One important feature of the problem is not incorporated into this representation—dictionary size (see FIG. 9). The grocery list example showed that larger dictionaries give rise to greater ambiguity, and indeed that holds here. From a practical standpoint, increasing the dictionary size by 10-fold results in a 2-fold decrease in the maximum resolvable k. If this slope is parameterized as c=log(k/m)/log(m/n), the value for this particular algorithm and problem size is c=0.2. This exact number will vary somewhat depending on the algorithm used. Also, as discussed below, this threshold can be increased somewhat by using side-channel information, such as signals from nearby pixels.

(3) Resistance to Noise

The MIXSEQ approach described herein also shows a remarkable resistance to noise (see FIG. 10). Interestingly, this property is shared across any method that performs a “best-match” projection of the data onto a dictionary. As an example, we generated a series of synthetic problems in which we sequenced between 1 and 500 bases, with each synthetic sample consisting of an equal mixture of between 1 and 128 molecules. We then generated noise sufficient to reduce the Q-score [defined as −10 log₁₀(p) where p is the probability of an error at each nucleotide position] of between 20 and 50. For the Illumina platform, Q-scores of between 30 and 40 are common. Using our approach, we observed that we could reliably “demix” approximately 4 sequences when we sequenced 100 base pairs, increasing up to approximately 8 sequences when we sequenced up to 500 base pairs. These simulations were performed using a dictionary of 10,000 random barcodes, with demixing accomplished on a single-pixel basis using non-negative Orthogonal Matching Pursuit.

(4) Estimation of the False Positive Rate

For any practical application of this technique, it will be important to estimate the false detection rate. In this context the false detection rate is defined as the probability that, for a problem of a given size solved by a given algorithm, the correct dictionary sequence will be chosen. This probability can be approximated by adding a set of “bait” sequences to the sequence dictionary, which are known not to correspond to any biological sequence. Assuming that the dictionary is random, the likelihood that the demixing procedure will choose any given “bait” sequence is equal to the probability of choosing false-positive within the original sequence dictionary. As the inclusion of such “bait” sequences always decreases the overall probability of successful recovery, this FDR can be considered to be a conservative estimate.

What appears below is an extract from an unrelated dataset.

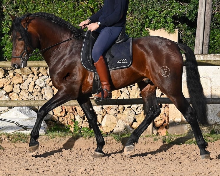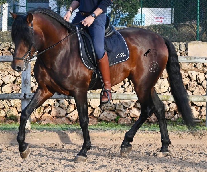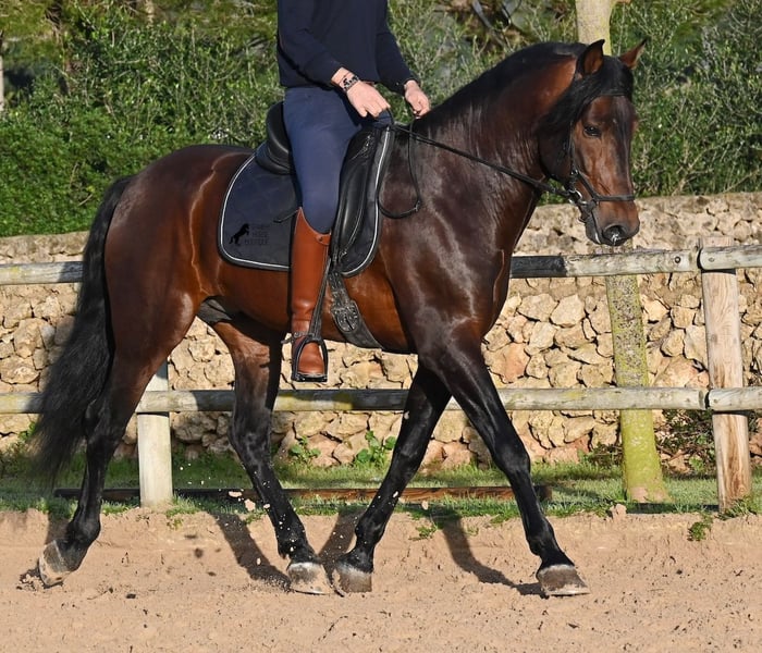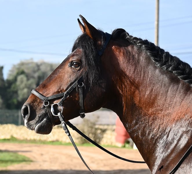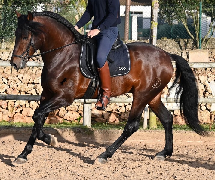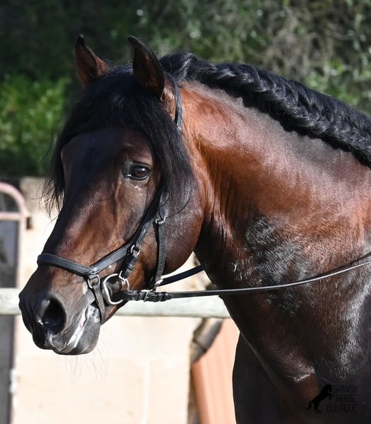 This 2019-born PRE stallion (Andalusian with official registration from ANCCE) is a stunning representative of his breed on many levels. His outward beauty is obvious, but his kind character, work ethic, and willingness to please also make him a truly lovely soul internally. He is incredibly well-behaved, both in handling and under saddle. Always attentive to do everything correctly and tirelessly eager to impress. His training is very solid; he masters lateral work in all gaits and is beautifully flexible and supple, making him also suitable for Working Equitation. He quickly differentiates between work and relaxation, smoothly transitioning from contact to extension and stretch within seconds. A very intelligent horse with potential for more, as he is currently only ridden twice a week by his trainer, yet remains enduring, calm, focused, and in good shape. He has already participated in a competition, so he is accustomed to being in new environments with other horses. He shows no stallion behavior and remains calm and focused even when riding with other horses in the arena. Trail rides have been less frequent, but he is familiar with group and solo rides as well. His pedigree is also appealing to PRE connoisseurs, as he is paternal line exclusively from Yeguada Militar (Cartujano) and predominantly Escalera on the maternal side. He currently measures 16.1 hh and may still grow a little taller. He is licensed but has not been used for breeding. For those who cannot keep a stallion, castration on-site is of course an option. His current location is Menorca. Videos and pedigree details are available upon request. I am happy to organize an ultrasound, training, castration, transport, or even your journey if you wish to come see him in person. Further details can be found on my website or in a personal conversation. Greetings from Spain

(5) Exploiting Multi-Pixel Correlations

The method used in Equation 2, s=Ax, is actually a simplification of the sequencing signal. Typically, for either Illumina or FISSEQ sequencing, in which the signal is a multi-channel fluorescent signal observed through fairly traditional microscopy, there are strong correlations between neighboring pixels. This correlation can be exploited by altering the approach used in Equation 2 to enable a multi-pixel decoding, encouraging solutions that use the same dictionary elements across pixels. Here it is assumed that the measurement vector s is repeated, forming a measurement matrix S—each column corresponding to an individual pixel. Similarly, the weight vector x is expanded to a weight matrix X with each column corresponding to the weights of each dictionary sequence for a given pixel. It is assumed that the same set of non-zero weights in X are shared across pixels, although the magnitude of each may vary for each pixel. Typically, it is also assumed that these weights are independent and uncorrelated across pixels, however, this assumption is frequently violated in real data to little detriment.

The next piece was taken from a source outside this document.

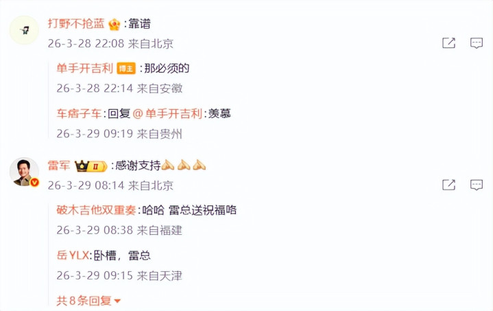 雷军也第一时分看到了这条微博,用浅陋四个字陈说:“感谢维持”。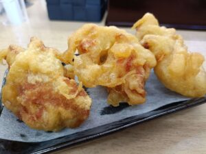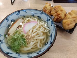 「とり天うどん」は、とり天のサイズにびっくり!一つひとつがとっても大きくて、見ているだけで食べ応えがありそうです。衣はサクッと、中はジューシーで食感も抜群とのこと。これはうどんのサイドメニューというより、主役級の存在感でした!

Thus, the problem can be reframed such that the reconstruction error of S=AX is attempted to be minimized while identifying the sparsest set of weights X. We encourage the use of the same barcode across pixels calculating the L2 norm of each barcode (across pixels), and subsequently calculating the L1 norm of total barcode loadings. This reduces the penalty for using the same barcode across multiple pixels, encouraging the use of similar barcodes.

min(∥AX-S∥) s.t|X|_1,2<epsilon Equation 3:

Similarly, it is also possible to encourage solutions in which there is explicit spatial smoothness i.e., neighboring pixels are similar. We define f(X) as a measure of the spatial variation in X, and then solve the equation:

min(|X|) s.t.∥AX−S∥<epsilon AND f(X)<epsilon Equation 4:

Although both approaches are algorithmically complex, either can be solved using the flexible toolkit of convex optimization.

These approaches have two uses. The spatially smoothed approach is useful when the actual physical measurement e.g., the signal arising from fluorescent microscopy, is spatially smooth; it exploits this smoothness to more reliably identify the correct sparse solution to the mixing problem. For the non-spatial approach, which simply encourages the consistent use of a common set of dictionary sequences, the assumption is that there is an intrinsic structure to the sequences themselves. This might be appropriate, for example, when identifying species communities, from a collection of multiple mixed sequence signals that independently or differentially subsample the underlying population. (Amir and Zuk, 2010). We note that this work takes a similar approach to that described here but is restricted to a single measurement of one mixed sequencing signal.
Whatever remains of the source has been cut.